Scanning Traditional Art
If you wish to scan art larger than your flatbed scanner was originally made to handle, this tutorial will show you how to get the best results. The technique covered in this tutorial will work for flatbed scanners of all sizes but for now I will focus on an A4 (and letter-sized) flatbed scanner as they are quite common. Let's get to it.
The Setup
For this little art project I have my trusty Canon A4/Letter-sized scanner and an unfinished A3 acrylics painting (A3 is twice the size of A4 and obviously doesn't fit in the scanner all at once).
The Setup
The Scanning
So I need to scan the art work in 3 steps: top, middle and bottom as shown in the picture below.
The 3 scanning steps

Once I have scanned all three parts and imported them into my image editing program, I need to assemble the three digitally scanned parts. For this I make a new document large enough to fit all three scanned parts. Next, in my image application, I need to remove parts of the three scanned images. I use the select tool to select and delete the un-numbered parts from approximately where the red stippled lines are displayed in the image above.

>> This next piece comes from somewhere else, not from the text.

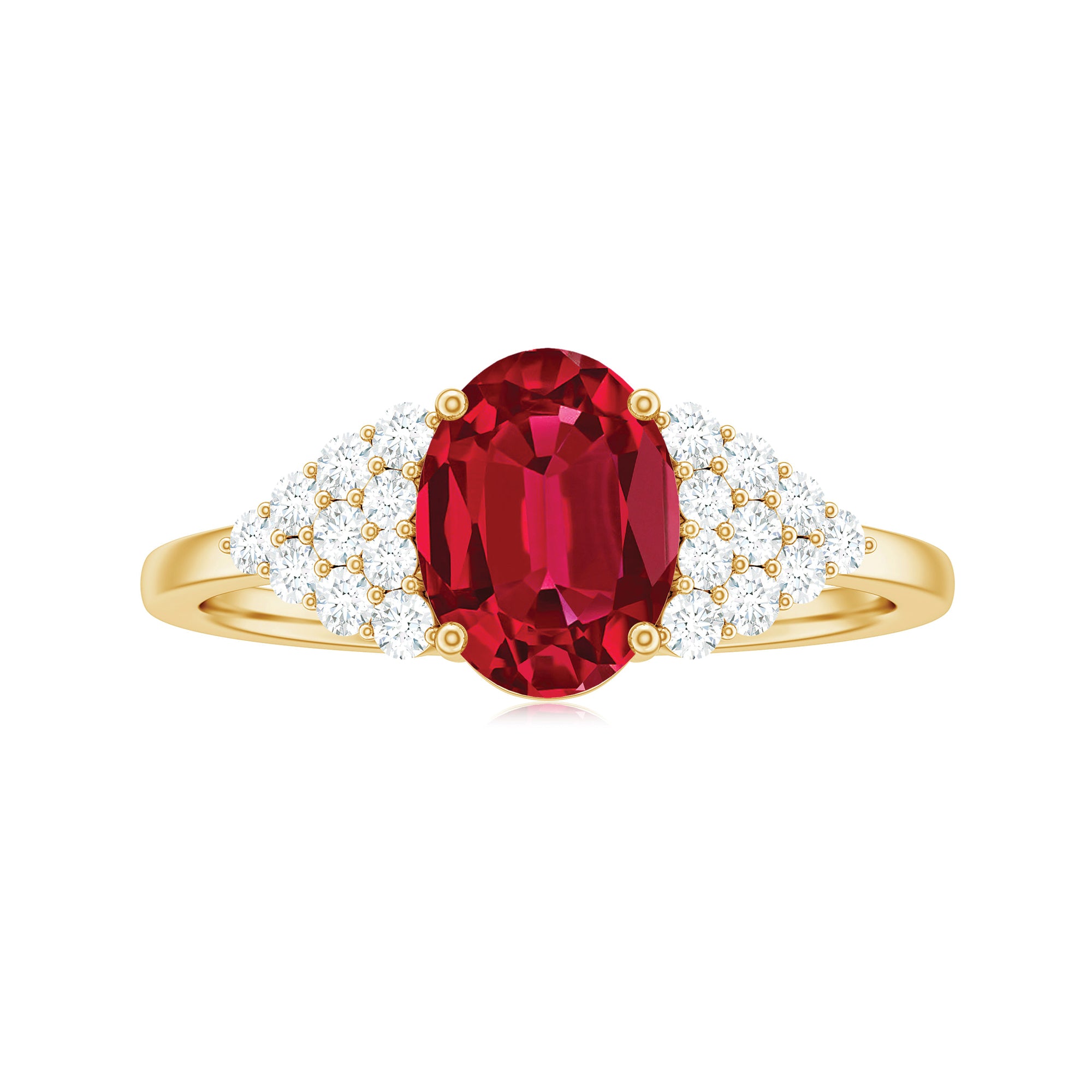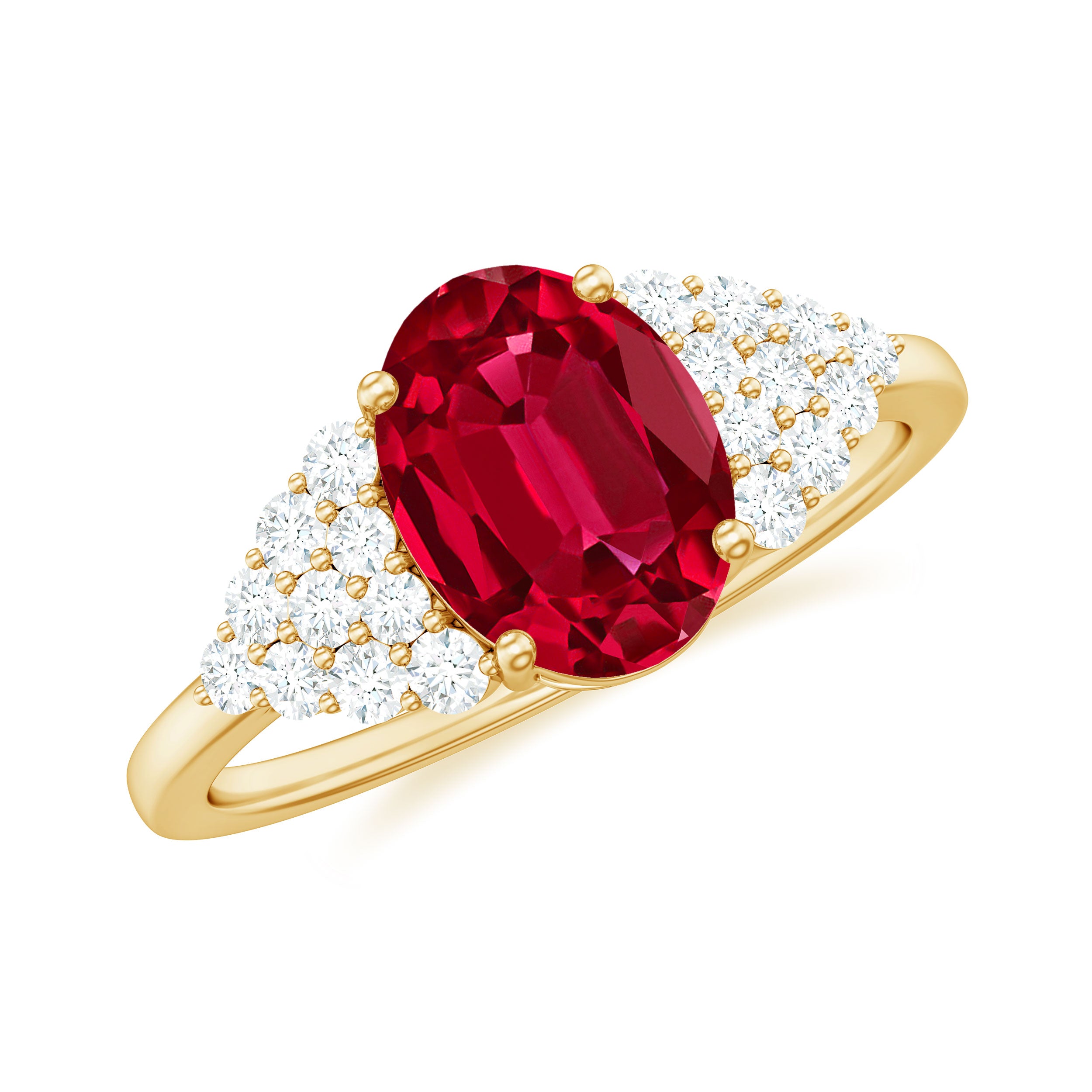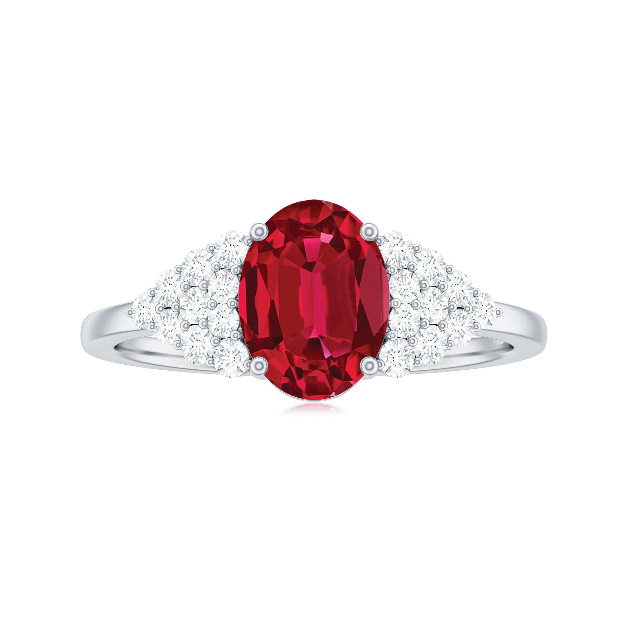 This stunning engagement ring features a gorgeous oval cut created ruby as the centerpiece, with a cluster of round Diamond stones as side stones. A perfect blend of classic elegance and modern glamour.
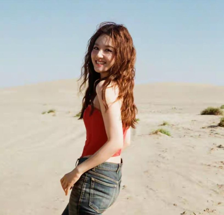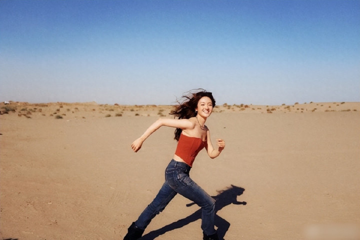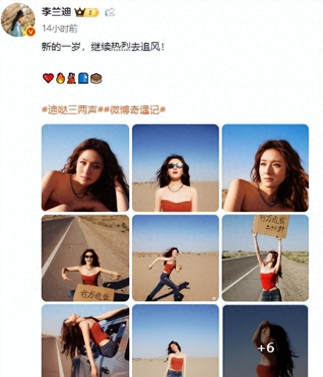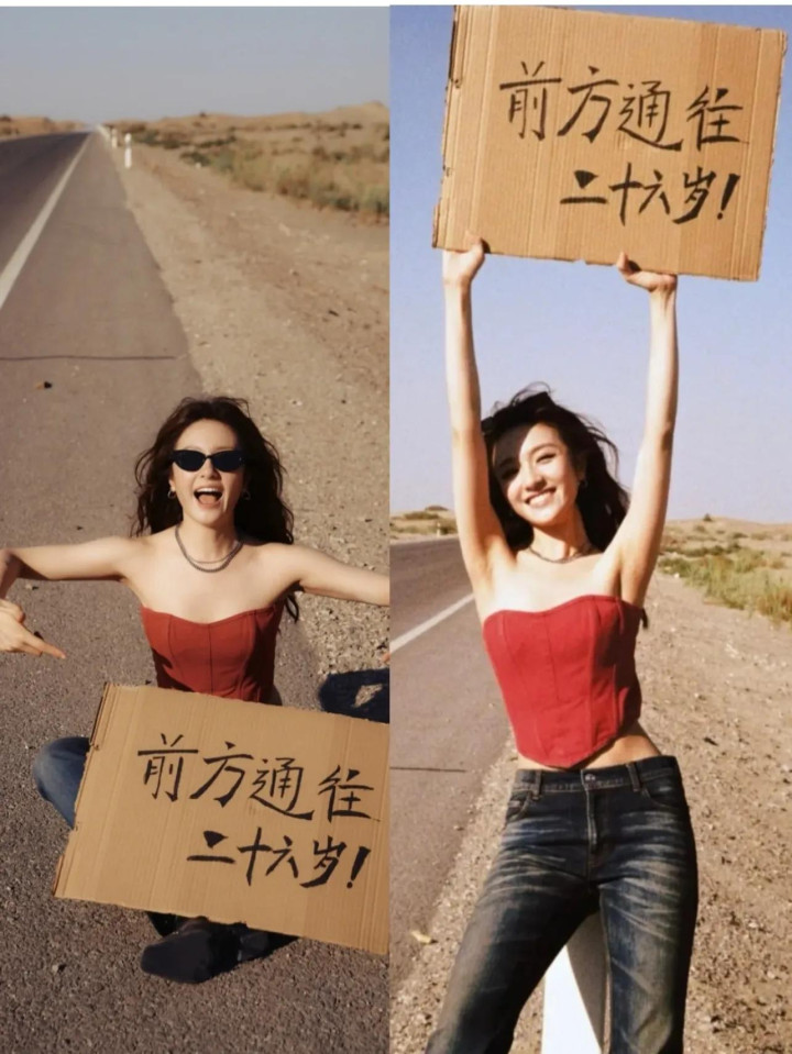 红色抹胸上衣+牛仔裤+羊毛鬈发 手合手“前线通往二十六岁”手写纸板,呈现“废土野性风” 烈日、风沙、原野衬托“公路文大女主”氛围被赞“沙漠中大肆滋长的红玫瑰”,“热辣超好意思”。

The digital parts I wish to keep are the ones represented by the areas numbered 1, 2 and 3. The rest I will delete since they haven't been in full contact with the scanner surface while I scanned. Therefore these parts will be differently lighted and possibly blurred also.
Assemble The Parts
After I have removed the unwanted parts described above, I need to put the three remaining parts together. For this I create 3 new layers in the new document I created earlier, one for each scanned part. Next I have to manually move each scanned part into place so they fit together. It's a bit like a puzzle and requires a little work. Once that is done I can still see, just barely, where the parts come together. To eliminate these 'seams' I adjust a few parameters as described in the next part.
I need to adjust the brightness/contrast levels until the seams are fully gone. I zoom in real close before I adjust to get the best results. Once that is done I merge the layers and crop the image. The job is done.
Wait, there's more!
Before I end this art lesson remember that the technique described in this tutorial works on even larger sized art also. The key is to scan the art in separate parts, delete unwanted sections of these parts, assemble the rest and finally adjust the contrast and brightness levels. That's it. I hope you found this short art tutorial useful and thanks for reading.